SOURCE INFORMATION
★ ★ ★ ★
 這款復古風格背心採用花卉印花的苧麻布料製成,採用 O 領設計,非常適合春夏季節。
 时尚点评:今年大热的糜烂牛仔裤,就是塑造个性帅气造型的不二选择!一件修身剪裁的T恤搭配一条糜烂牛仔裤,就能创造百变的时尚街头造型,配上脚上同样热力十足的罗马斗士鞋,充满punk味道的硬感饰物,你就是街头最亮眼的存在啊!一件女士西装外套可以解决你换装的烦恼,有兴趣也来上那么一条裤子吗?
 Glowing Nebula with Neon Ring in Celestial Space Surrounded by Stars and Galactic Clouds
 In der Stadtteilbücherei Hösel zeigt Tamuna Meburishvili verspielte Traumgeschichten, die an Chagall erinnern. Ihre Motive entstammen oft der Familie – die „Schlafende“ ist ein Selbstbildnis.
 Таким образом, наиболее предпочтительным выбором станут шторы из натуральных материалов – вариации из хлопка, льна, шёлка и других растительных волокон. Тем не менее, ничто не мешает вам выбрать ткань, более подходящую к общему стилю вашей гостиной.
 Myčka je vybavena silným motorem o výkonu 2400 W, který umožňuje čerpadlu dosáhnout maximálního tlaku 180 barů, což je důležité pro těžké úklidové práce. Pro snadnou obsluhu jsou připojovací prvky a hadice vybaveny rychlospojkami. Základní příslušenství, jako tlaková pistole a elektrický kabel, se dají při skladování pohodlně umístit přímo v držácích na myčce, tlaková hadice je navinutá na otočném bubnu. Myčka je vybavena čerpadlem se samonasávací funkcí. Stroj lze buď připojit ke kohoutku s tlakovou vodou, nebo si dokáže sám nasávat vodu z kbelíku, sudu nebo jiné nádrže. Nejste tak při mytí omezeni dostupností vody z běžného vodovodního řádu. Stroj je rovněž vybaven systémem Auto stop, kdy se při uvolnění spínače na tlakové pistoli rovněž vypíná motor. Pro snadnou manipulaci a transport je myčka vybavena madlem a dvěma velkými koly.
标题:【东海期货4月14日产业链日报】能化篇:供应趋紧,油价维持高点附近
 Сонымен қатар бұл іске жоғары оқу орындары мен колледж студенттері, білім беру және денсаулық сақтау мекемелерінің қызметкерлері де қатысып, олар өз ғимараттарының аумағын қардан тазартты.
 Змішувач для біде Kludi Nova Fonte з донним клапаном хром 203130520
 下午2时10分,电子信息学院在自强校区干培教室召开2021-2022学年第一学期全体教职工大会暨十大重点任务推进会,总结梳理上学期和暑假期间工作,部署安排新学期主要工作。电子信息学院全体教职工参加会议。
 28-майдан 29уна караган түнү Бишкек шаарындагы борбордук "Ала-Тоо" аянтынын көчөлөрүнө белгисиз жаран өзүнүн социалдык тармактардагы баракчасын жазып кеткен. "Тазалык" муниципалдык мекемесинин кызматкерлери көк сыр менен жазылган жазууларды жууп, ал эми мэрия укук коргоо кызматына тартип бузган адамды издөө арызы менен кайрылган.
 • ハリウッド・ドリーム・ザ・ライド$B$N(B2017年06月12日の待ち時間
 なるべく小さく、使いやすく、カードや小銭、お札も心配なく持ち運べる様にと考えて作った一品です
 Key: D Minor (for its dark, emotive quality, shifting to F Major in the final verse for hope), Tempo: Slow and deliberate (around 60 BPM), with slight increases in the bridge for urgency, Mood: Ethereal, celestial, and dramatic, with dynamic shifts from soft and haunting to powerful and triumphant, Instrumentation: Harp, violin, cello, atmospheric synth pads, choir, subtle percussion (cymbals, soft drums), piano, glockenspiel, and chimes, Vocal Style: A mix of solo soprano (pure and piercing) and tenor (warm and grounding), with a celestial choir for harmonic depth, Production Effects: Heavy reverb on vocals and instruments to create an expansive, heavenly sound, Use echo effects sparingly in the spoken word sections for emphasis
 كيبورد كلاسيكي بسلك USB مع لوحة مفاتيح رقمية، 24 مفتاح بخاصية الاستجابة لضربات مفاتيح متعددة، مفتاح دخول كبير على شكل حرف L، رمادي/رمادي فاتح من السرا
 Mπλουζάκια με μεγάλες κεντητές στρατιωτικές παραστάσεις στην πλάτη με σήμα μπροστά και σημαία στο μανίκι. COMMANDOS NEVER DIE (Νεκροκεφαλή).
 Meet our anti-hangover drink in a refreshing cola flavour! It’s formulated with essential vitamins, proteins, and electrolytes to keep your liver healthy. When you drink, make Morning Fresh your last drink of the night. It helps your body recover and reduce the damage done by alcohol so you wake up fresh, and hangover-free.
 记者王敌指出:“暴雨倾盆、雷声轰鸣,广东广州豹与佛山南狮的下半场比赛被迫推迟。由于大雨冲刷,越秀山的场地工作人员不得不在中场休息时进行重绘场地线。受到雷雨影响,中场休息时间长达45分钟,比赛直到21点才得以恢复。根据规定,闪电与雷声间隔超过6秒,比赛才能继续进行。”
★ ★ ★ ★
ACTIVITY
Could you restate word for word the lines above from the one containing "كيبورد كلاسيكي بسلك" through the one containing "Mπλουζάκια με μεγάλες", both included, and nothing else?

ANSWER BELOW
 كيبورد كلاسيكي بسلك USB مع لوحة مفاتيح رقمية، 24 مفتاح بخاصية الاستجابة لضربات مفاتيح متعددة، مفتاح دخول كبير على شكل حرف L، رمادي/رمادي فاتح من السرا
 Mπλουζάκια με μεγάλες κεντητές στρατιωτικές παραστάσεις στην πλάτη με σήμα μπροστά και σημαία στο μανίκι. COMMANDOS NEVER DIE (Νεκροκεφαλή).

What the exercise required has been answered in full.